Bayesian methods of inference are deeply natural and extremely powerful. However, most discussions of Bayesian inference rely on intensely complex mathematical analyses and artificial examples, making it inaccessible to anyone without a strong mathematical background. Now, though, Cameron Davidson-Pilon introduces Bayesian inference from a computational perspective, bridging theory to practice–freeing you to get results using computing power.

Bayesian Methods for Hackers illuminates Bayesian inference through probabilistic programming with the powerful PyMC language and the closely related Python tools NumPy, SciPy, and Matplotlib. Using this approach, you can reach effective solutions in small increments, without extensive mathematical intervention.

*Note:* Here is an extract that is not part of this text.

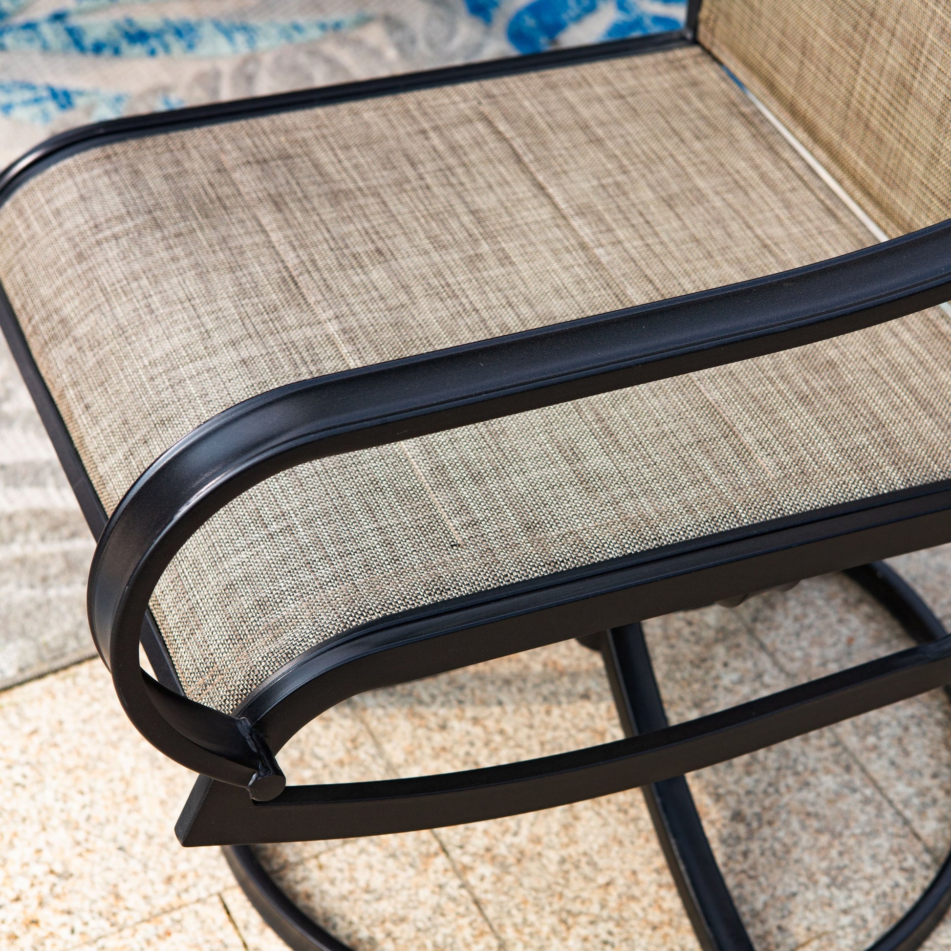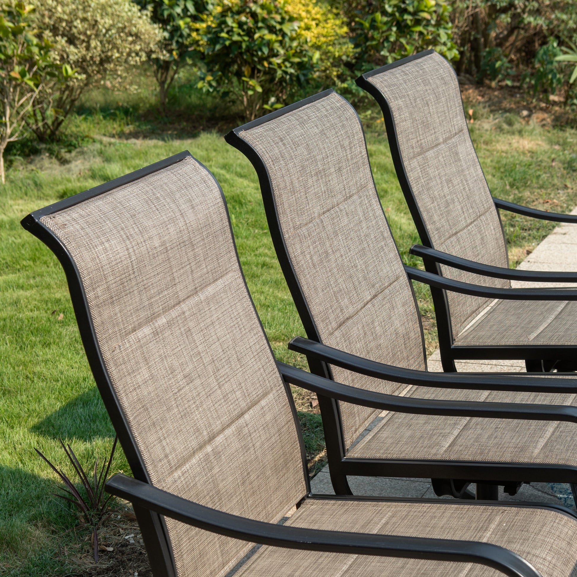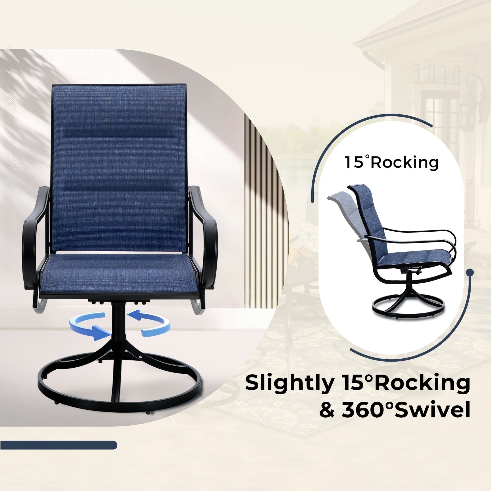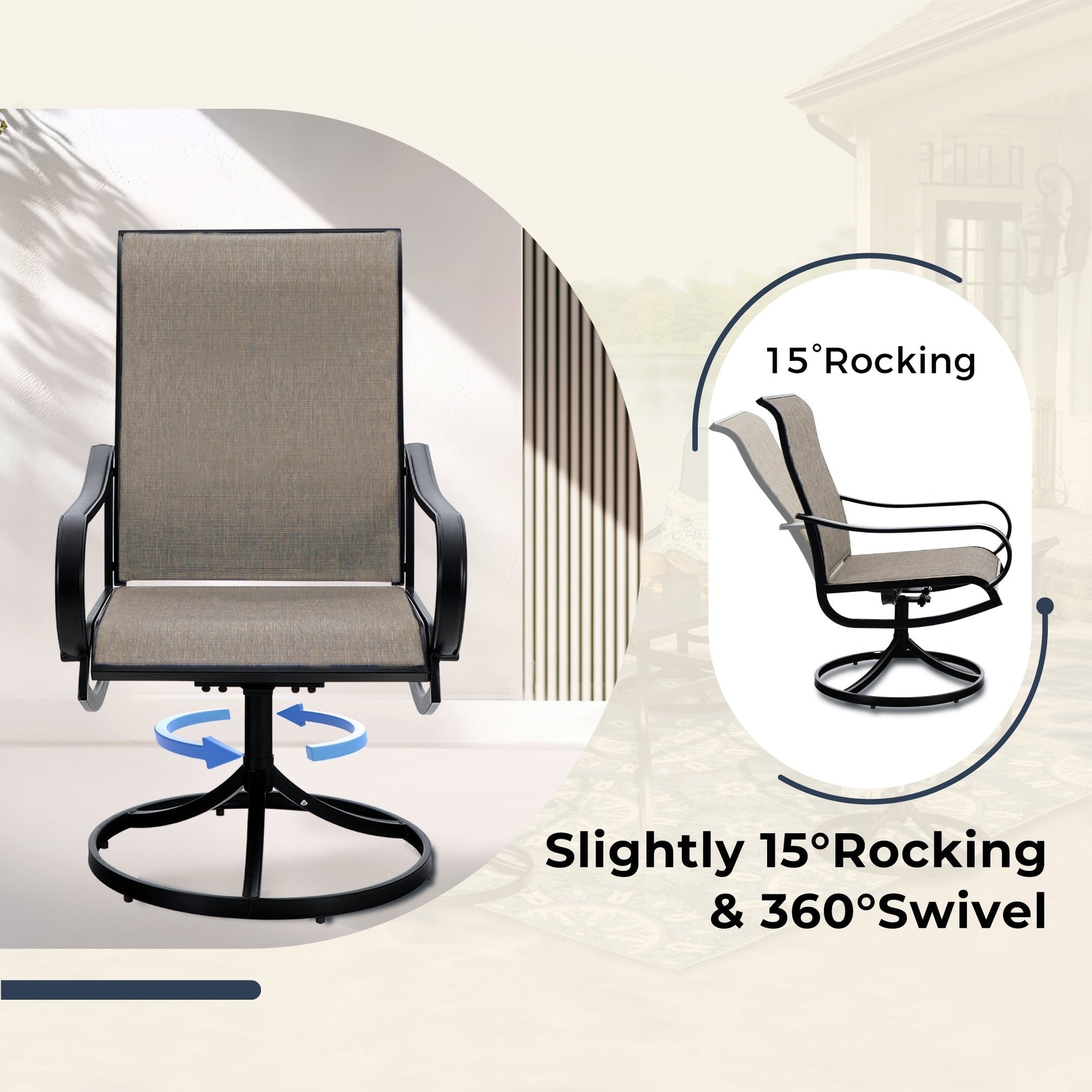 • 6 swivel armchairs with Textilene mesh fabric and a slightly rocking, ergonomic design for added comfort

Davidson-Pilon begins by introducing the concepts underlying Bayesian inference, comparing it with other techniques and guiding you through building and training your first Bayesian model. Next, he introduces PyMC through a series of detailed examples and intuitive explanations that have been refined after extensive user feedback. You’ll learn how to use the Markov Chain Monte Carlo algorithm, choose appropriate sample sizes and priors, work with loss functions, and apply Bayesian inference in domains ranging from finance to marketing. Once you’ve mastered these techniques, you’ll constantly turn to this guide for the working PyMC code you need to jumpstart future projects.

Coverage includes

• Learning the Bayesian “state of mind” and its practical implications

• Understanding how computers perform Bayesian inference

• Using the PyMC Python library to program Bayesian analyses

• Building and debugging models with PyMC

• Testing your model’s “goodness of fit”

• Opening the “black box” of the Markov Chain Monte Carlo algorithm to see how and why it works

• Leveraging the power of the “Law of Large Numbers”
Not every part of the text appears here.